Im not bought with this design. Theres a few things that stand out to me.
But firstly, contrary to what lightbringer said, it appears you are in fact using C++ not C, the syntax is wrong for C but correct C++ and your placement of the asterix for pointers is common pactice for C++ programmers and not so common in C.
Scene-graphs are especially well suited to object-oriented languages like C++ and making better use of the language can make an elegant scene-graph design.

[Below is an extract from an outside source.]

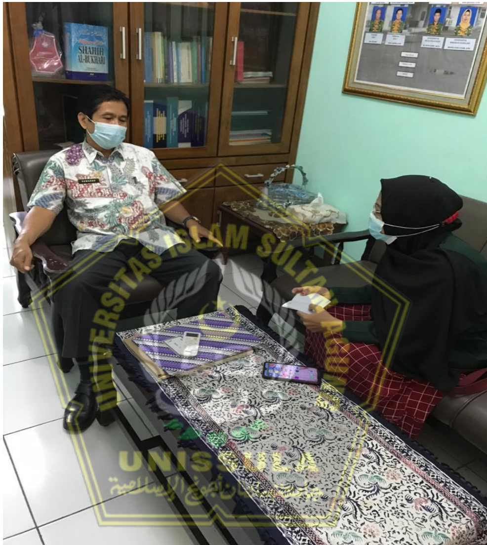
Keterangan : Foto Wawancara Dengan Kepala Sekolah SMP Kesatrian 1 Semarang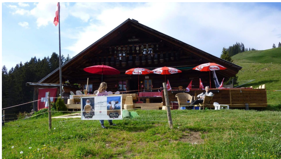
Alp Heubühlen

What you have really got there is a generic tree rather than a 'scene-graph', I dont see what your design can
actually do [grin], but I assume you just havn't built any functionality in yet?
Ok,
As has been said your terminology is incorrect, leaf-nodes dont usually have children, this is the job of group-nodes. If you wanted to go down this road and distinguish between leaf and group nodes then read up on the composite pattern (and I think its definately worth a look, especially if you're using C++), this is actually what many scene-graph designs follow. But remember every design has pros and cons, lightbringer gave a valid argument against the composite pattern, allowing all nodes to have children can have benefits.
However, as for the design you have currently, I think there are improvements to be made...
Your use of pointers to BRANCH_NODEs seem a bit odd, are you planning on dynamically allocating them?
Can you justify dynamically allocating them separately to LEAF_NODEs rather than just having a leaf-node hold a regular instance to one? I.e.
BRANCH_NODE _branch;
BRANCH_NODE _child;
If you gave each LEAF_NODE an instance like this then you might decide to conceptualise the design like this:
struct LEAF_NODE{ // These were expanded out of BRANCH_NODE _branch; LEAF_NODE* _branch_parent; LEAF_NODE* _branch_leaf; // These were expanded out of BRANCH_NODE _child; LEAF_NODE* _child_parent; lEAF_NODE* _child_leaf LEAF_NODE* _prev; LEAF_NODE* _next; T _data;};
Now then based on this, you might want to consider whether a node really needs to store a pointer to its childs parent? Surely this pointer just points to itself? So we can remove _child_parent;
Similarly, as a node why would we want a pointer to our parents child? Either this pointer will point to ourself or to one of our siblings (which we can access through _next and _prev or through _branch_parent->_child_leaf), so lets also rid outselves of _branch_leaf.
So actually, now we've changed things so much theres no need for BRANCH_NODE to exist at all (you said yourself that it held redundant data, but you were using it as a means to hold connectivity data for the tree, so at-least before it had a purpose).
What we're left with is a type of quadly-linked list, it doesnt store any redundant pointers and its faster to traverse.
Using a name(s) that I feel more comfortable with rather than the incorrectly termed LEAF_NODE but in keeping with your naming conventions, the code now becomes:
struct SCENE_NODE{ SCENE_NODE* _parent; // Equivalent to _branch_parent SCENE_NODE* _first_child; // Equivalent to _child_leaf SCENE_NODE* _next_sibling; // Equivalent to _next SCENE_NODE* _prev_sibling; // Equivalent to _prev T _data;};
This design works quite well for scene-graphs, it has an added bonus that as you seem to be using C++ in a somewhat C-type manner this design works well in both languages [smile].
Regarding your second question, yes static objects can be contained within the scene-graph, many people, myself included, tend to hold all static geometry in a different structure that holds geometry-level spatial-partitioning data and this structure is then a node in the scene-graph representing all our static geometry at once under a single node.